Among the Italian records there is one that we would have gladly done without: we are first in terms of number of young people who do not work or study, the so-called Neet (neither in employment nor in education or training). 2021 data from Eurostat they are rather alarming: young people who are not employed and not in education and training in the 15-29 age group have jumped – due to COVID – to 23.3% of the total of that generational segment. Greece, Bulgaria, Romania and Croatia do better than us. The most virtuous are the Netherlands (4.3%) and Sweden (7%).
The data is alarming because it involves several aspects. In addition to the economic one, inactivity is one a condition of discomfort and exclusion which deprives children of the hope of a future and planning (starting a family, buying a house, etc.). The phenomenon affects many categories: from the recent graduate who is looking for a job in line with his expectations (before eventually realigning himself downwards with what the market offers), to the young person who left his studies early, slipped into a spiral of marginality and demotivation. .
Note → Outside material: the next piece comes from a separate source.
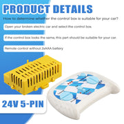 Transform your child’s ride-on experience with the all-new 24V Control Box Receiver 2.4G3104, a cutting-edge upgrade designed to bring power, precision, and seamless control to your children’s electric car or truck. This high-quality control box is the ultimate enhancement for parents and gift-givers seeking to elevate playtime into a thrilling adventure filled with safety, reliability, and hours of fun. Imagine your child confidently steering their ride-on car or truck with a remote control that responds instantly, thanks to the advanced 2.4GHz Bluetooth-compatible transmitter. This means no interference, clearer signals, and a smoother ride every time. Perfect for parents who want to share the joy of the ride while maintaining full control for extra safety. Why Choose the 24V Control Box Receiver? Powerful 24-Volt System: Designed specifically for 24V children’s electric vehicles, this control box delivers the robust energy needed to power larger, more dynamic ride-on cars and trucks, providing longer playtime and exciting speed capabilities. Advanced 5-Pin Connection: The 5-pin design ensures a stable and secure link between the receiver and the vehicle’s motor system, reducing glitches and enhancing the overall responsiveness of the ride-on. 2.4GHz Bluetooth-Compatible Remote: Enjoy wireless freedom with a remote control that operates at 2.4GHz frequency, offering a strong, interference-free connection that keeps your child’s vehicle safely within your command. Durable and High-Quality Materials: Crafted from premium plastic, the control box is built to withstand bumps, knocks, and the rigors of daily play, ensuring lasting performance and peace of mind for parents. Seamless Compatibility for Effortless Upgrades Not sure if this control box fits your child’s electric ride-on car or truck? The upgrade process is simple! Open the electric vehicle’s existing control box compartment and compare it with this 24V receiver. If the physical layout and connectors match, you’re ready to install a game-changing upgrade. Please note, due to manufacturing variations, the shell color of the control box is selected randomly, adding a surprise element to your purchase. What’s Included? 1 x 24V 5-Pin Control Box Receiver 1 x Remote Control (Please note: Remote requires 2 x AAA batteries, not included) Bringing Parents and Kids Together Through Play This control box upgrade transforms your child’s ride-on car or truck into a more interactive and manageable toy. As a parent, you can easily guide your child through their early driving adventures, boosting their confidence and independence while ensuring their safety. The responsive remote control allows you to limit speed, stop the vehicle remotely, and make adjustments on the fly, making every ride a safe and joyous journey. For your little one, the upgraded electric vehicle becomes more than just a toy—it becomes their personal chariot for exploration. They’ll feel like a real driver, steering through imaginary worlds as the ride-on car or truck zips effortlessly with enhanced control and power. The sturdy build and reliable electronics allow them to embark on countless adventures, creating memories that last a lifetime. Perfect for Various Ride-On Vehicles This versatile control box is ideal for a wide range of children’s ride-on cars and trucks operating on a 24V power system. Whether your child’s vehicle is a sleek mini car or a rugged toy truck, this receiver and remote combo delivers consistent performance and control. It’s a smart investment to breathe new life into an existing ride-on vehicle or to upgrade a gift for any young driving enthusiast. Key Specifications: Voltage: 24 Volts Connection Type: 5-Pin Control Box Remote Frequency: 2.4GHz Bluetooth-compatible Material: Durable Plastic Remote Battery: Requires 2 x AAA (not included) Give your child the gift of thrilling and controlled rides with the 24V Control Box Receiver 2.4G3104. This upgrade isn’t just a replacement part—it’s a gateway to unforgettable play sessions, safer driving practice, and the joyful bond between parent and child. Whether upgrading a beloved ride-on car or truck, this control box brings new life and adventure to every turn of the wheel. Step into the driver’s seat of imagination and fun. Upgrade today and watch as your child’s electric car or truck comes alive with power, control, and endless excitement!

How to intervene on the phenomenon of young Neet
What can be done to stem and prevent such a deep-rooted and structural phenomenon? To prevent entry into the condition of Neet, according to many analysts, it is necessary to prevent and combat early school leaving and to support measures such as school-work alternation which have a long and deep-rooted history in the countries of central and northern Europe and which are instead very recent and still insufficient here. But also policies capable of supporting the process of emancipation of young people from families, with public supports that allow them to live alone, study and train without having to depend on family resources. The question that many are asking – in the light of the debate on Basic income – is whether subsidies and incentives are in fact a chronic form of welfare that actually discourages employment.
The French “Contrat d’Engagement Jeune”
France is bucking the trend. From March 2022, announced by Macron himself, the Commitment contract, a monthly allowance of 500 euros to all children who do not study and do not work paid for the duration of one year to all children with a monthly income of less than 497.50 euros. The beneficiaries of the new “Youth Engagement Contract»Will be boys aged between 16 and 25, an audience of 400 thousand young people, collateral victims of the pandemic, which in the last year has seen a decrease in recruitment under 30 equal to 77% and an increase in people enrolled in the Pôle emploi (the employment office) of 36%.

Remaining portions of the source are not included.